Intravenous immunoglobulins, plasma exchange, cyclosporine, afamelanotide, and omalizumab have been used in patients with refractory solar urticaria with some success.

Oral steroids, leukotriene receptor antagonists, antimalarial drugs, prostaglandin inhibitors, and oral beta-carotene have shown little or no effect in the management of solar urticaria. Combination therapies are frequently needed to achieve and maintain acceptable clinical relief.

Differential Diagnosis

Differential diagnosis includes polymorphous light eruption, lupus erythematosus, drug-induced photosensitivity, and photo contact dermatitis. However, solar urticaria may be associated with other photodermatoses, such as polymorphous light eruption and porphyria cutanea tarda.

Prognosis

Solar urticaria is an enigmatic disorder that is not well understood. While the diagnosis is simple, its management is difficult. Solar urticaria usually develops in the third decade of life and becomes a chronic disease. The symptoms are managed with a range of treatments, but remission relies on a phenomenon known as "hardening" and is not achieved by all patients. This is the process where continued exposure to ultraviolet radiation decreases the likelihood of attacks. The probability of spontaneous resolution has been estimated as being 15% at 5 years and 25% at 10 years after the onset of the condition.

Overall, the prognosis for patients with severe urticaria is poor. Many patients are restricted indoors and lead a poor quality of life.

Complications

Because solar urticaria is thought to be caused by a type 1 hypersensitivity reaction, severe attacks of solar urticaria can lead to syncopal episodes, bronchospasm, and even anaphylaxis.

Deterrence and Patient Education

As with other conditions that involve photosensitivity, avoidance and protection from UVR must be stressed with patients. Broad-spectrum sunscreen applied liberally to sun-exposed areas, wide-brimmed hats, and clothing that provides adequate coverage from sunlight should be encouraged to avoid attacks of solar urticaria.

Pearls and Other Issues

Solar urticaria often has a chronic course. Approximately half of patients continue to be symptomatic ten to 15 years after the disease onset. A longer duration of solar urticaria before the first medical evaluation, as well as age older than 40 years, are associated with a longer disease course. Patients with exclusive reactivity to visible or natural light seem to have the best prognosis.

Enhancing Healthcare Team Outcomes

Solar urticaria is an enigmatic disorder that is not well understood. While the diagnosis is simple, its management is difficult. The condition is often encountered by the primary care provider, nurse practitioner, dermatologist, and internist. However, because the condition can be difficult to distinguish from other itching disorders, a referral to a dermatologist is recommended.

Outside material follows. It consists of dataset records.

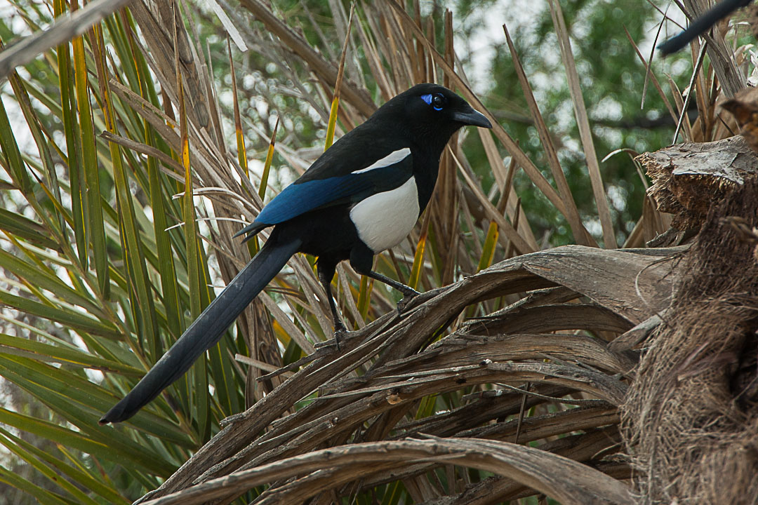 I uploaded this image of some years ago, because the Maghreb Magpie was split recently from the Eurasian Magpie. This is a new species to be added to my album "One Bird Species-One Photo "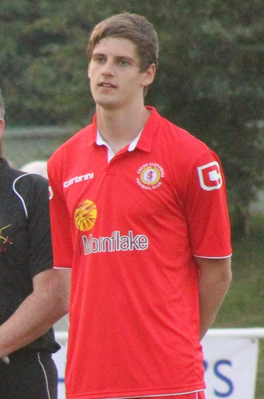 photograph of Jon Guthrie, taken at Pewsey Vale.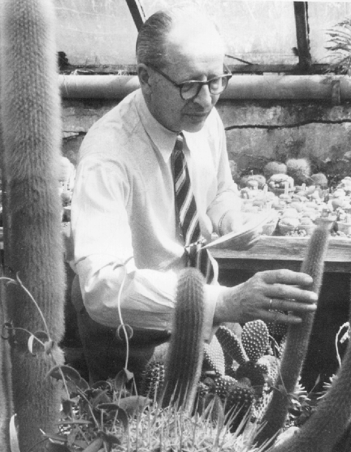 Walther Haage inside his cactus-house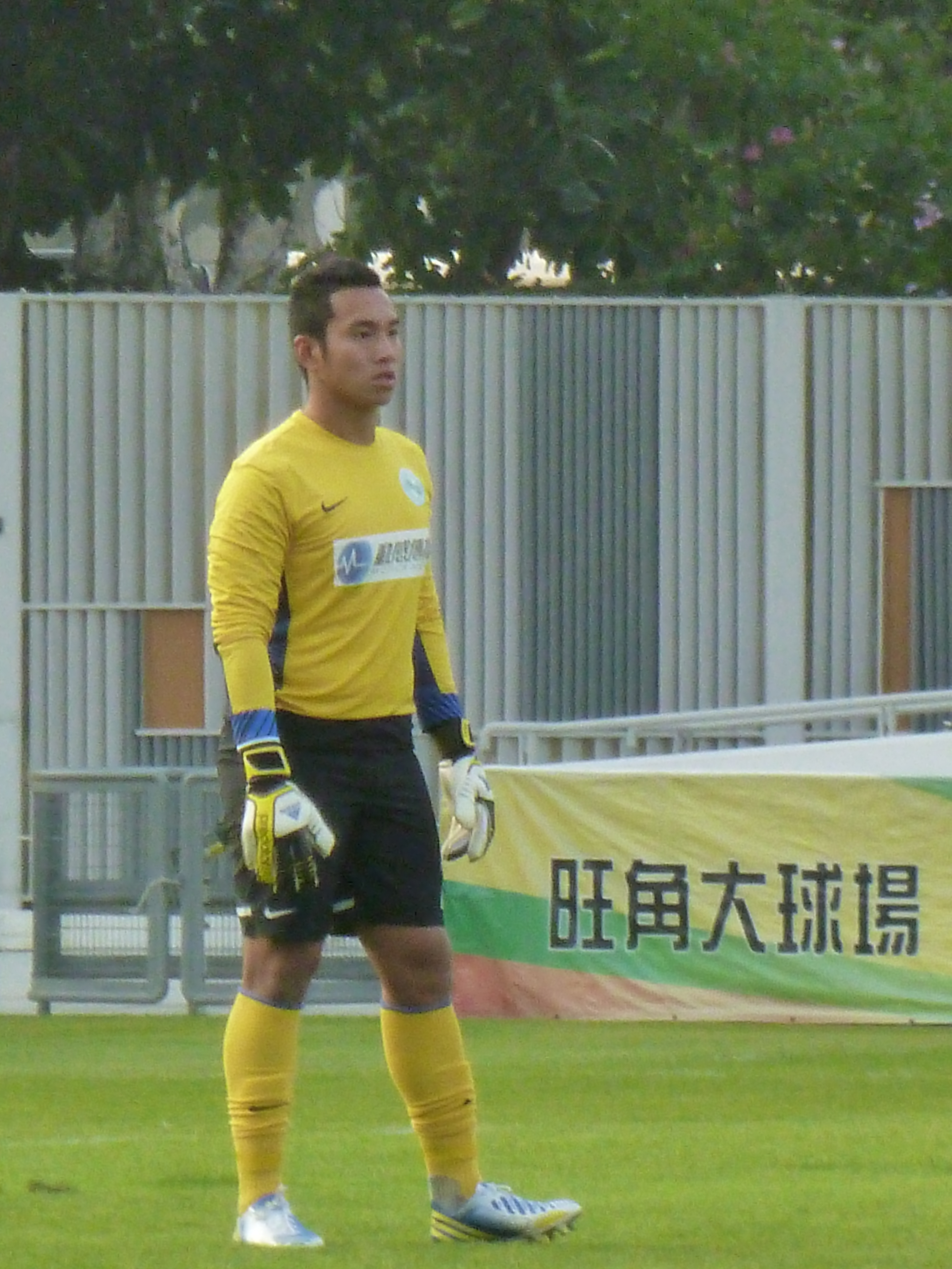 Chiu Yu Ming (23 Feb 2013, Hong Kong First Division League, Sun Hei vs Southern, Mong Kok Stadium)中文（香港）: 邱于銘 (23 Feb 2013, 香港甲組足球聯賽, 晨曦 vs 南區, 旺角大球場)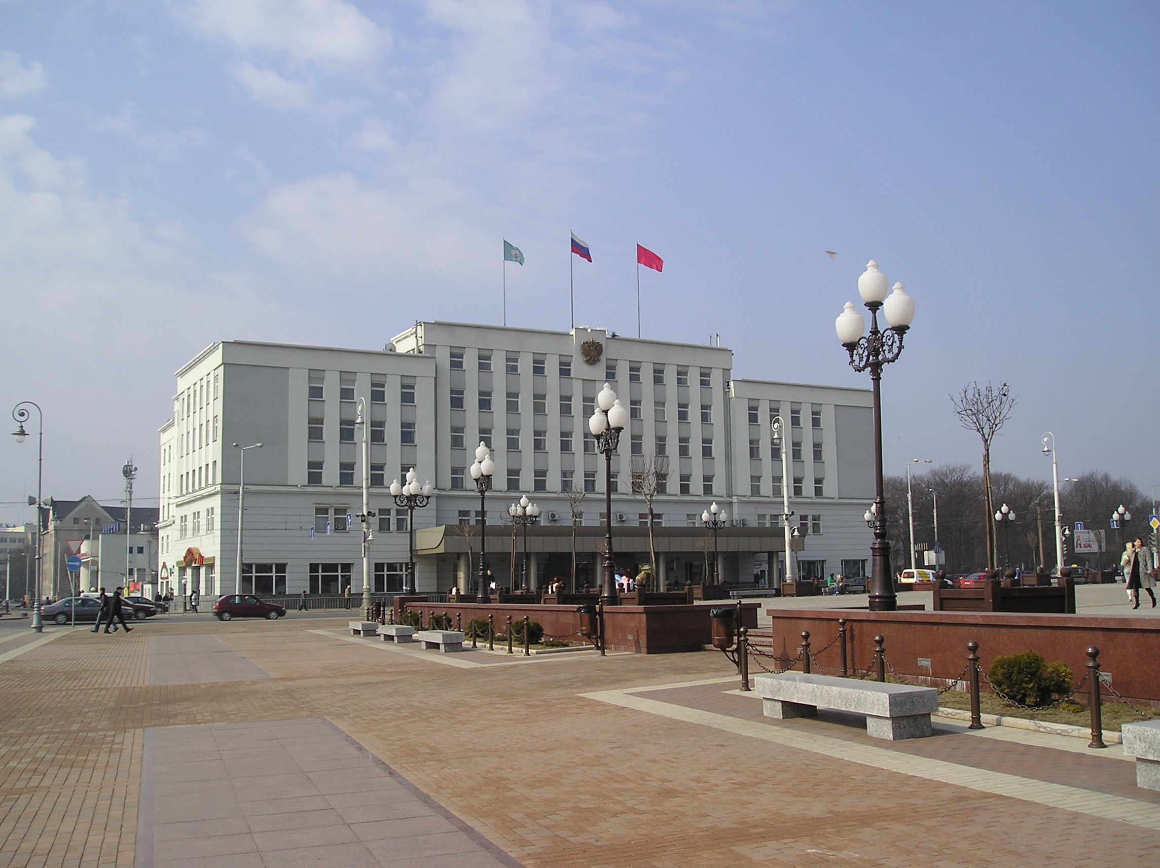 Kaliningrad City Hall, situated in Victory Square in the city of Kaliningrad.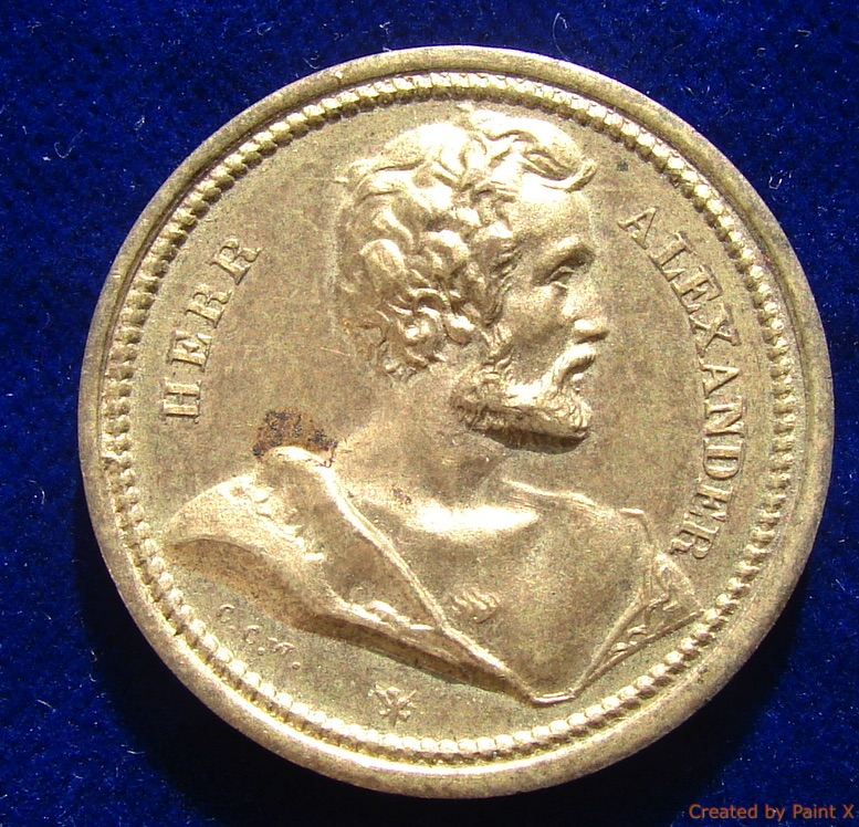 Gilt base metal medal d.= 29 mm. Heimbürger, Alexander, magician, 1819 Münster - 1909 Münster/Westfalen, Germany Farewell medallion for his departure from New York. Portrait r., curved above: "HERR ALEXANDER" / 9 lines: "PRESENTED TO HERR ALEXANDER AS A TESTIMONY OF ESTEEM FROM HIS FRIENDS IN NEW YORK 1847." ANA 1949.65.406; Rulau NY42. Medallist: C.C.W. (Charles Cushing Wright), Sculptor, 1796 Damariscotta, Maine - 1854 New York Condition: EXTREMELY FINE.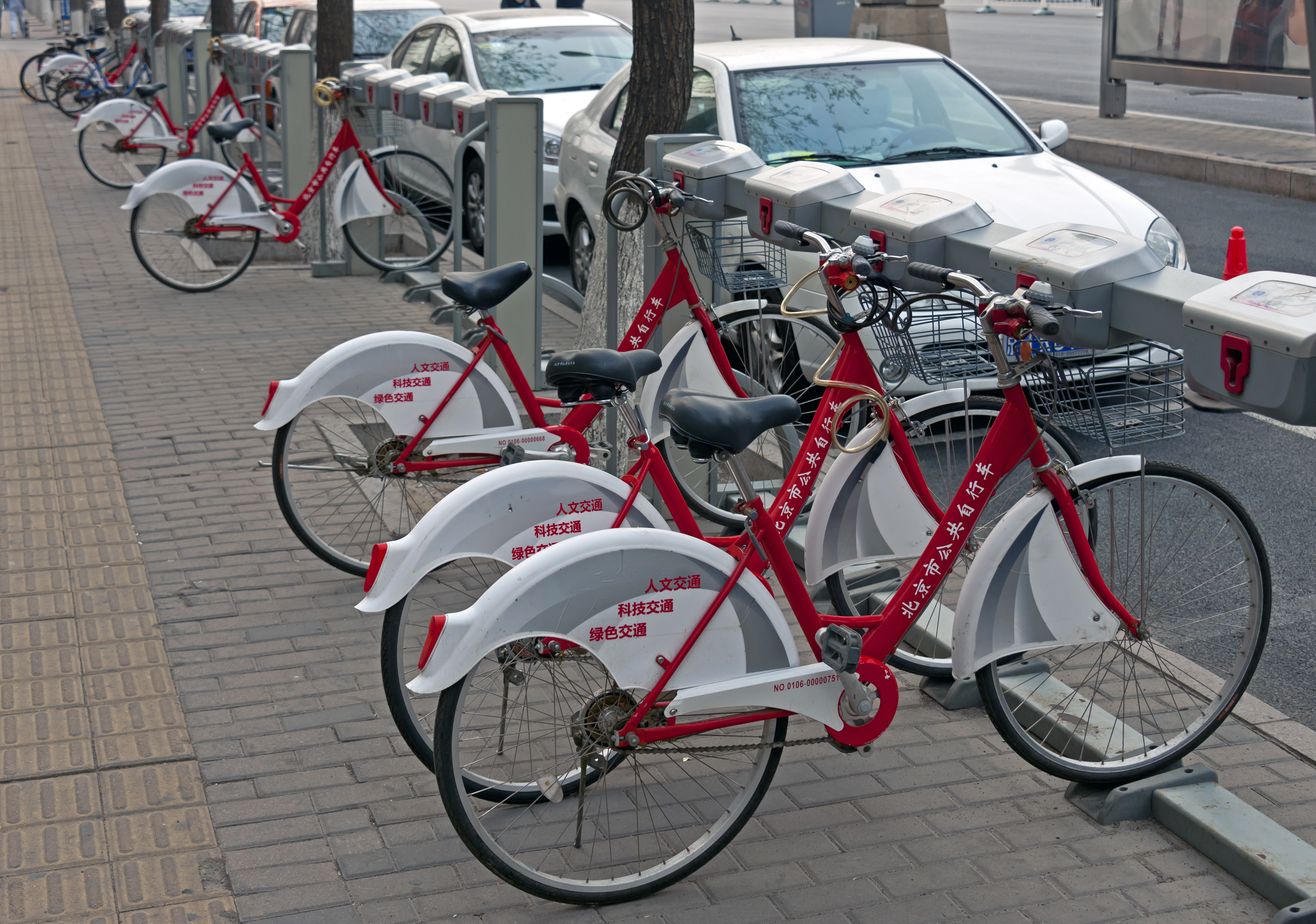 Bike sharing rack along Dongsi Street, Beijing.

There are no guidelines for the treatment of solar urticaria. Different treatments have been used with variable success. Currently, high-dose second generation antihistamines, sun exposure avoidance, use of broad-spectrum sunscreens, and dark clothing photoprotection are considered first-line.

Those who fail conservative treatment may be managed with phototherapy and biological agents. Overall, the prognosis for patients with severe urticaria is poor. Many patients are restricted indoors and lead a poor quality of life.